Output the first line of the listing and each line after it, up to and including the line that contains "Garut.Jejak-kriminal.com-Sebuah perahu nelayan", exactly as written, minus the pictures.

GIVEN DATA
○ ○ ○ ○ ○ ○ ○

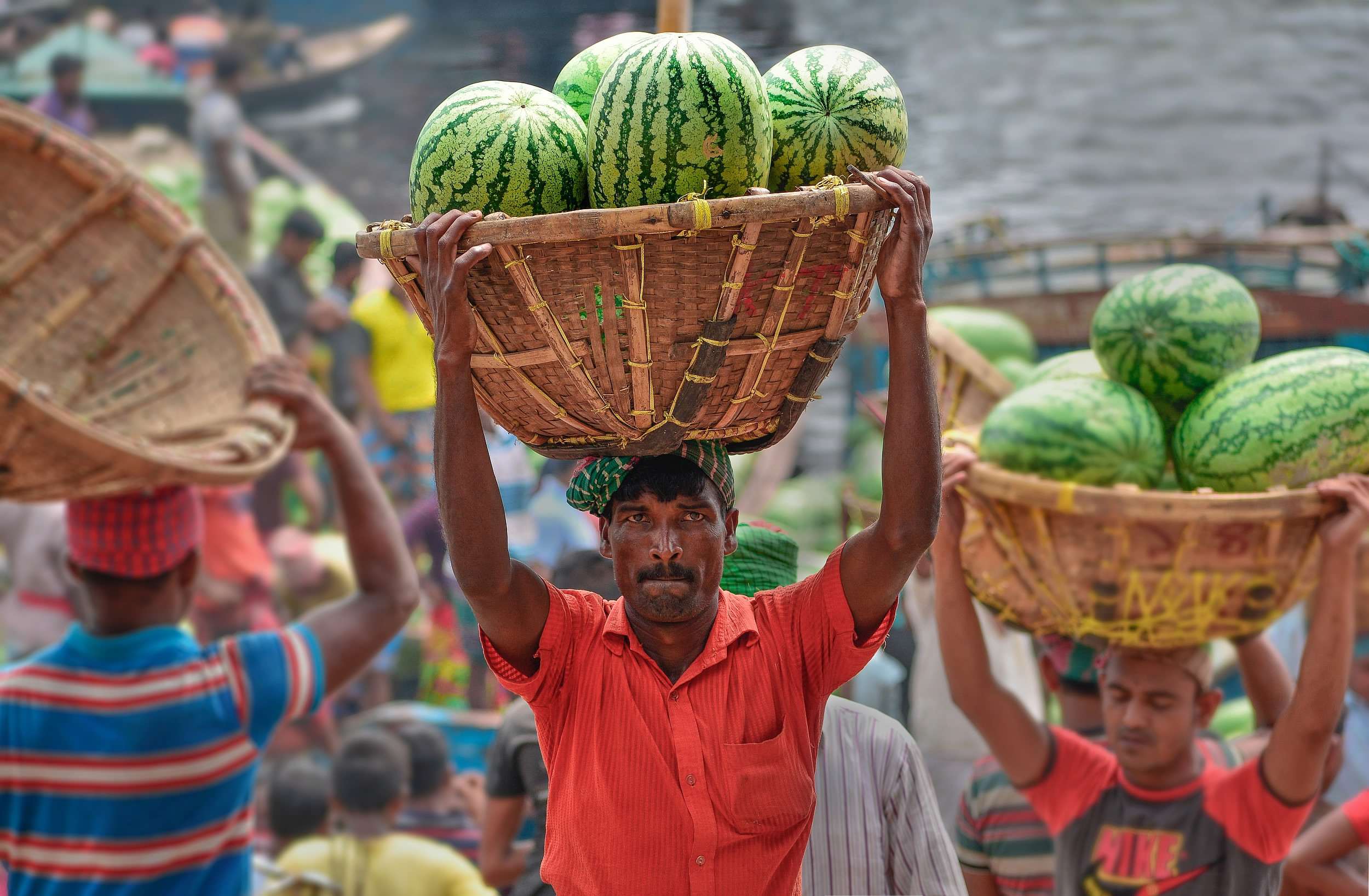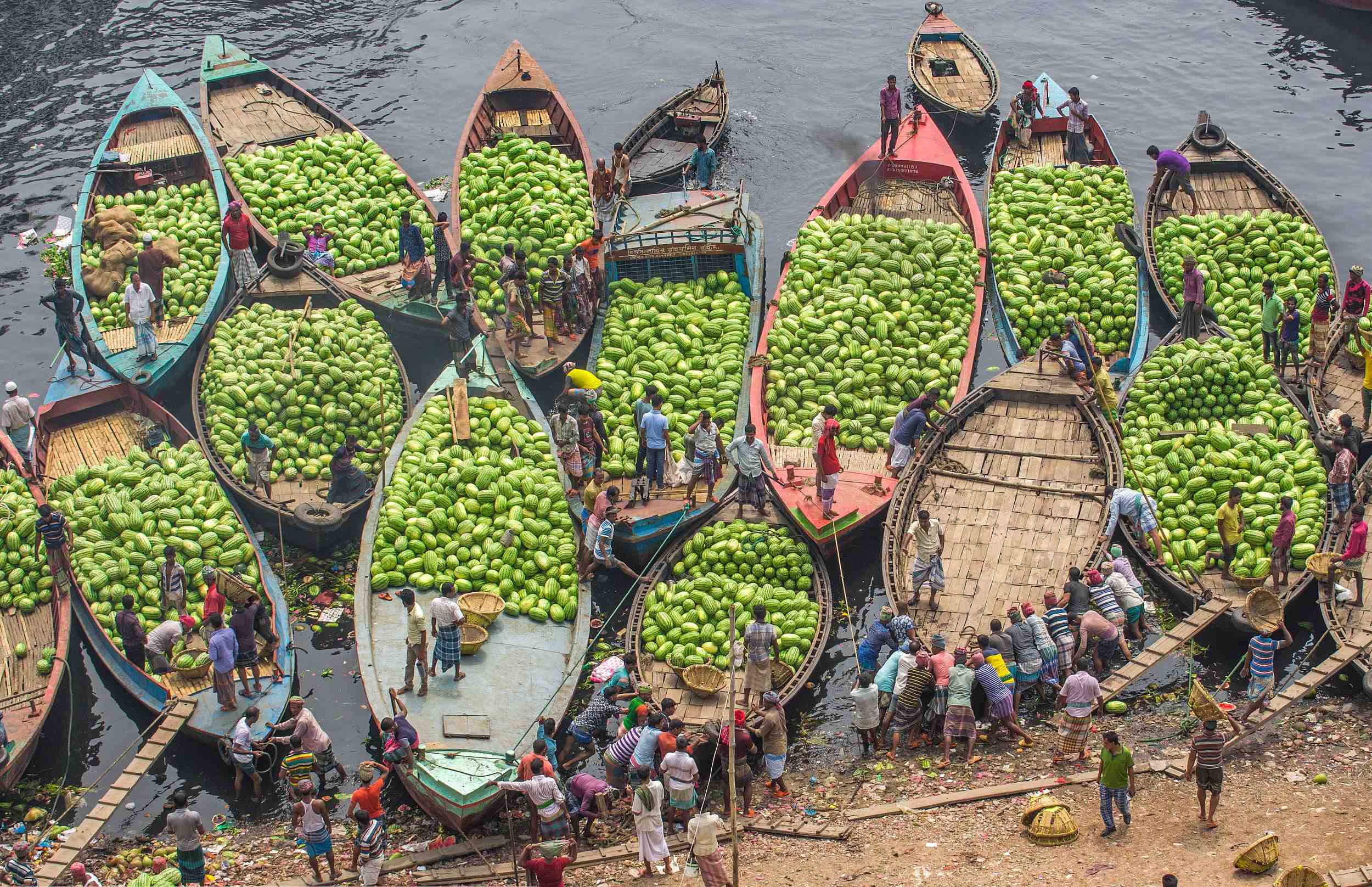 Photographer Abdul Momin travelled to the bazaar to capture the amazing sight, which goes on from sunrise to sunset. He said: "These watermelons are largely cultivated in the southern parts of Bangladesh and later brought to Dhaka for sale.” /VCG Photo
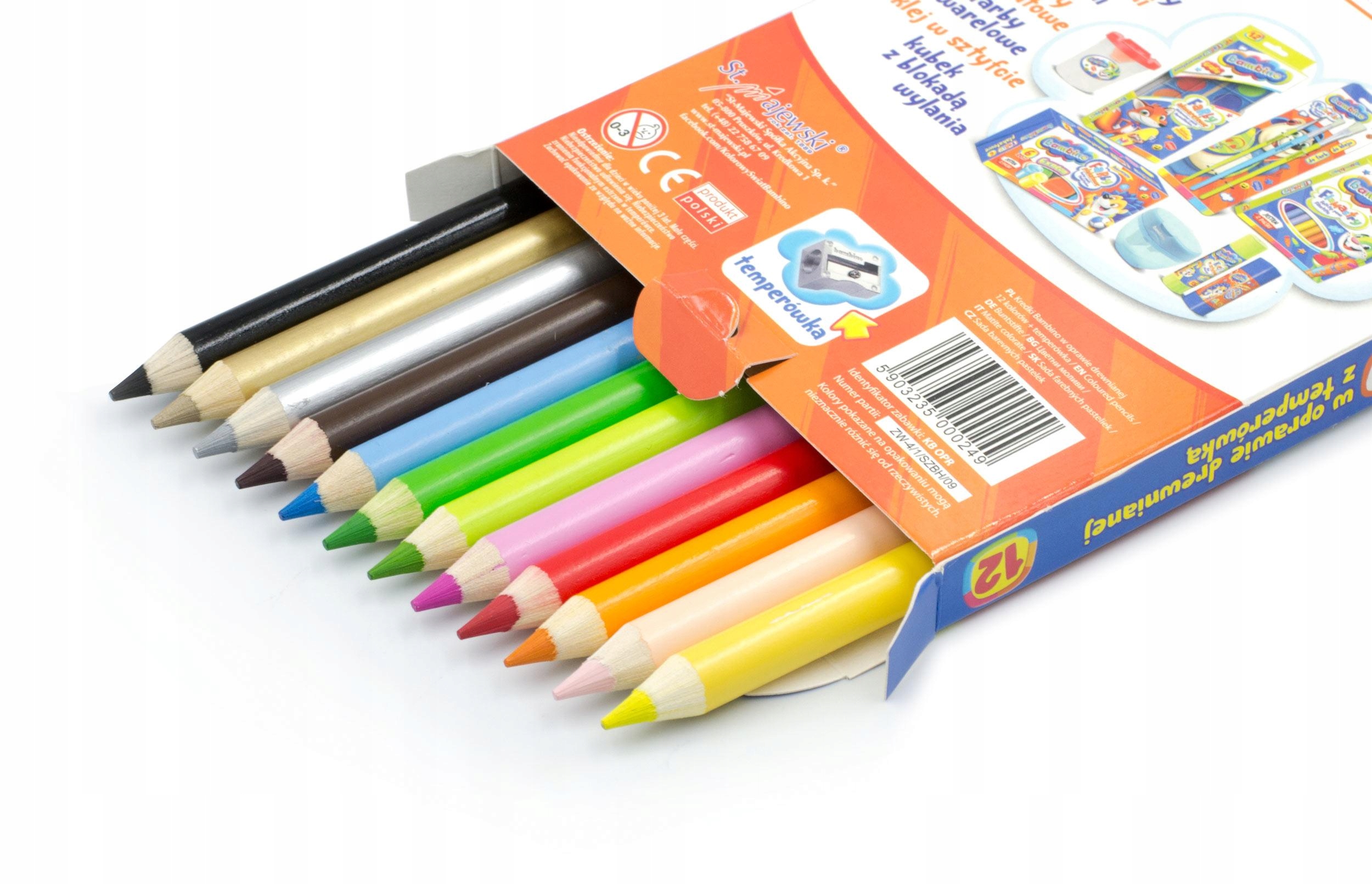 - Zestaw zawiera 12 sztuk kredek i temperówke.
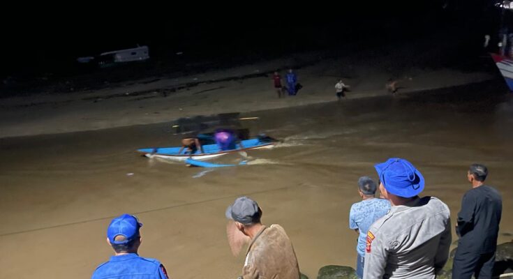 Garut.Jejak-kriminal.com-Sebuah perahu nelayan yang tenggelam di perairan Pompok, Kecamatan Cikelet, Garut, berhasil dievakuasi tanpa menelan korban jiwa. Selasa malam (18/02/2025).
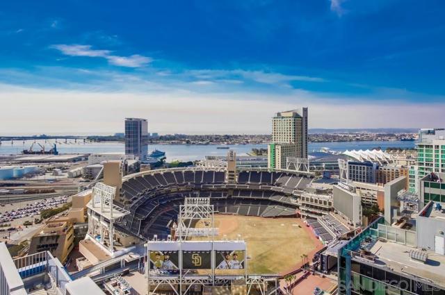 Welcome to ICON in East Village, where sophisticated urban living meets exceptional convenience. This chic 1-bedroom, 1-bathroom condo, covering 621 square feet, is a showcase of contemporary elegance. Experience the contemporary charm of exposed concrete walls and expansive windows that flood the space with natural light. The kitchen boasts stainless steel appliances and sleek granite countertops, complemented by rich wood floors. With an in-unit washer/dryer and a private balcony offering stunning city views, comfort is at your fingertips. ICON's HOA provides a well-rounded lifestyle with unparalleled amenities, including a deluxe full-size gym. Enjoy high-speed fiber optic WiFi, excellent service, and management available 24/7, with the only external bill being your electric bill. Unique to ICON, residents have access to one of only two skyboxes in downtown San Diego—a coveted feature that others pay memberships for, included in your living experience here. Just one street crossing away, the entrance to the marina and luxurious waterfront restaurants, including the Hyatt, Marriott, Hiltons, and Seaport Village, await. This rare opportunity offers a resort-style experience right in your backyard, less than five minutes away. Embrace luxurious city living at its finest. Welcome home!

○ ○ ○ ○ ○ ○ ○

SOLUTION
 Photographer Abdul Momin travelled to the bazaar to capture the amazing sight, which goes on from sunrise to sunset. He said: "These watermelons are largely cultivated in the southern parts of Bangladesh and later brought to Dhaka for sale.” /VCG Photo
 - Zestaw zawiera 12 sztuk kredek i temperówke.
 Garut.Jejak-kriminal.com-Sebuah perahu nelayan yang tenggelam di perairan Pompok, Kecamatan Cikelet, Garut, berhasil dievakuasi tanpa menelan korban jiwa. Selasa malam (18/02/2025).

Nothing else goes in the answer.